27 February 2016

Overcoming institutional sclerosis

The disenchantment we see with western governments, the European Union, and some United Nations bodies is almost inevitable. But it's not particular to government bodies; it is a feature of almost any large institution, be it a trade union, church, university, or political party. It's also a feature of the largest private-sector corporations: those whose survival doesn't depend on customers buying the products in something more competitive than a monopolistic or oligopolistic market. These are the large corporations that can manipulate or subvert the policy environment to their ends at the expense of consumers. Institutional sclerosis can also afflict the military, where it remains untested. So I'd expand a bit on this quote from Thomas Sowell;
The most fundamental fact about the ideas of the political left is that they do not work. Therefore we should not be surprised to find the left concentrated in institutions where ideas do not have to work in order to survive. Thomas Sowell, 'The Survival of the Left', in The Thomas Sowell Reader, 2011
Big businesses that are close to government, lobbyists for farmers (for example), right-wing political parties, and other bodies not linked to the political left are subject to exactly the same sclerosis that Mr Sowell describes. It's not about 'left' or 'right'; it's about being responsive to changing circumstances. Many big organizations, not just those on the left, are institutions 'where ideas do not have to work to survive'. The long-term result of this is alienation from ordinary people and a culture of insiders against outsiders. And the result of that is something we are seeing now: a disenchantment with conventional politics and a willingness to embrace anything that promises radical change. This could turn out to be positive; it could also be calamitous.

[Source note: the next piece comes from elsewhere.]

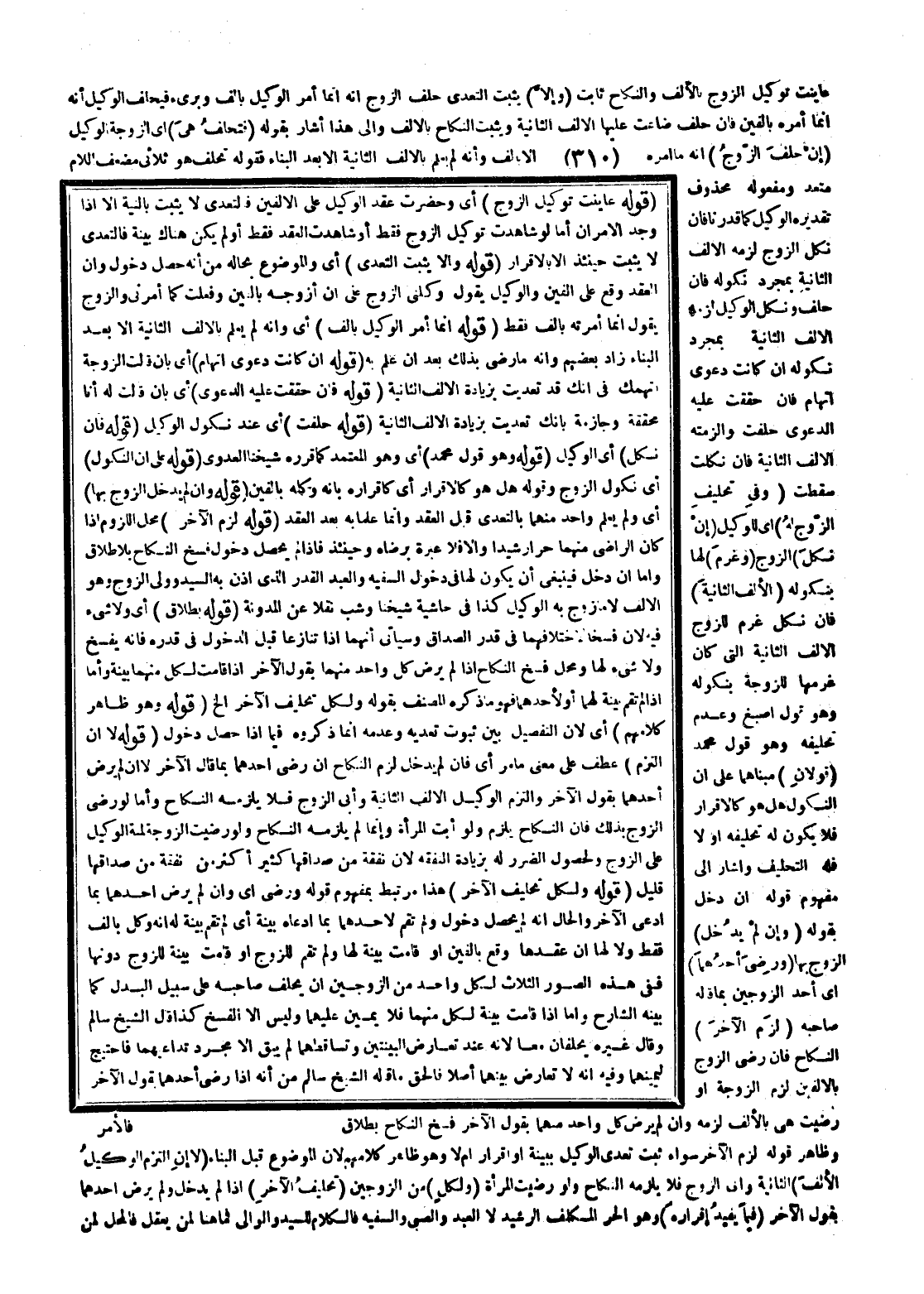 عَايَنَتْ تَوْكِيلَ الزَّوْجِ بِالْأَلْفِ وَالنِّكَاحُ ثَابِتٌ (وَإِلَّا) يَثْبُتْ التَّعَدِّي حَلَفَ الزَّوْجُ أَنَّهُ إنَّمَا أَمَرَ الْوَكِيلَ بِأَلْفٍ وَبَرِئَ فَيَحْلِفُ الْوَكِيلُ أَنَّهُ إنَّمَا أَمَرَهُ بِأَلْفَيْنِ فَإِنْ حَلَفَ ضَاعَتْ الْأَلْفُ الثَّانِيَةُ وَيَثْبُتُ النِّكَاحُ بِالْأَلْفِ وَإِلَى هَذَا أَشَارَ بِقَوْلِهِ (فَتُحَلِّفُ هِيَ) أَيْ الزَّوْجَةُ الْوَكِيلَ (إنْ حَلَفَ الزَّوْجُ) إنَّهُ مَا أَمَرَهُ إلَّا بِأَلْفٍ وَإِنَّهُ لَمْ يَعْلَمْ بِالْأَلْفِ الثَّانِيَةِ إلَّا بَعْدَ الْبِنَاءِ فَقَوْلُهُ: تُحَلِّفُ هُوَ ثُلَاثِيٌّ مُضَعَّفُ اللَّامِ مُتَعَدٍّ وَمَفْعُولُهُ مَحْذُوفٌ تَقْدِيرُهُ الْوَكِيلَ كَمَا قَدَّرْنَا فَإِنْ نَكَلَ الزَّوْجُ لَزِمَهُ الْأَلْفُ الثَّانِيَةُ بِمُجَرَّدِ نُكُولِهِ فَإِنْ حَلَفَ وَنَكَلَ الْوَكِيلُ لَزِمَهُ الْأَلْفُ الثَّانِيَةُ بِمُجَرَّدِ نُكُولِهِ إنْ كَانَتْ دَعْوَى اتِّهَامٍ فَإِنْ حُقِّقَتْ عَلَيْهِ الدَّعْوَى حَلَّفَتْ وَأَلْزَمَتْهُ الْأَلْفَ الثَّانِيَةَ فَإِنْ نَكَلَتْ سَقَطَتْ (وَفِي تَحْلِيفِ الزَّوْجِ لَهُ) أَيْ لِلْوَكِيلِ (إنْ نَكَلَ) الزَّوْجُ (وَغَرِمَ) لَهَا بِنُكُولِهِ (الْأَلْفَ الثَّانِيَةَ) فَإِنْ نَكَلَ غَرِمَ لِلزَّوْجِ الْأَلْفَ الثَّانِيَةَ الَّتِي كَانَ غَرِمَهَا لِلزَّوْجَةِ بِنُكُولِهِ وَهُوَ قَوْلُ أَصْبَغَ وَعَدَمُ تَحْلِيفِهِ وَهُوَ قَوْلُ مُحَمَّدٍ.

Which is why I have suggested we think about policy not in terms of institutions, with their limited capacity to think in the very long term or to prioritize, when it comes to the crunch, anything other than their own survival. I suggest that we encourage instead the creation of new types of organization whose funding, composition, structure and activities are entirely a function of how well they achieve society's goals. This would happen under a Social Policy Bonds. As well as channelling society's scarce resources with optimal efficiency, a bond regime would, by rewarding people for achieving society's goals, close the gap between policymakers and the people they are supposed to represent.